Ratio of radius of gyration of a hollow sphere to that of a solid cylinder of equal mass, for moment of Inertia about their diameter axis AB as shown in figure is $$\sqrt{8/x}$$. The value of $$x$$ is :

For a hollow sphere of mass $$M$$ and radius $$R$$, the moment of inertia about its diameter is:

$$I_1 = \frac{2}{3}MR^2$$

The radius of gyration is $$k_1 = \sqrt{\frac{I_1}{M}} = \sqrt{\frac{2}{3}R^2}$$

For the solid cylinder of mass $$M$$, radius $$R$$, and length $$L = 4R$$, the axis AB passes through one end.
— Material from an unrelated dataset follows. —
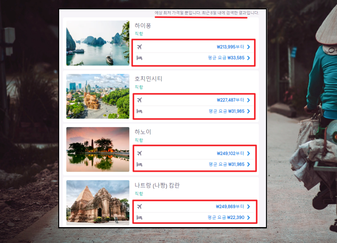 도착지를 "베트남"으로 지정하면 위와 같이 베트남의 여러 지역에 대한 항공권 요금을 비교해 볼 수 있습니다. 12월에 운행하는 비행기에 대하여 "하이포"로 가는 경우 21만원대, "호치민시티"로는 23만원대, "하노이"로는 25만원대, "나트랑 캄란"으로는 25만원대의 가격으로 최저가 요금이 형성이 되어 있음을 알 수 있습니다.

Using the Parallel Axis Theorem:

$$I_2 = I_{cm} + M\left(\frac{L}{2}\right)^2$$

$$I_2 = M\left(\frac{R^2}{4} + \frac{L^2}{12}\right) + M\frac{L^2}{4} = M\left(\frac{R^2}{4} + \frac{L^2}{3}\right)$$

$$I_2 = M\left(\frac{R^2}{4} + \frac{(4R)^2}{3}\right) = M\left(\frac{R^2}{4} + \frac{16R^2}{3}\right)$$

$$I_2 = MR^2 \left(\frac{3 + 64}{12}\right) = \frac{67}{12}MR^2$$

The radius of gyration is $$k_2 = \sqrt{\frac{I_2}{M}} = \sqrt{\frac{67}{12}R^2}$$

$$\text{Ratio} = \frac{k_1}{k_2} = \frac{\sqrt{\frac{2}{3}R^2}}{\sqrt{\frac{67}{12}R^2}}$$ = $$\sqrt{\frac{8}{67}}$$

$$x\ =\ 67$$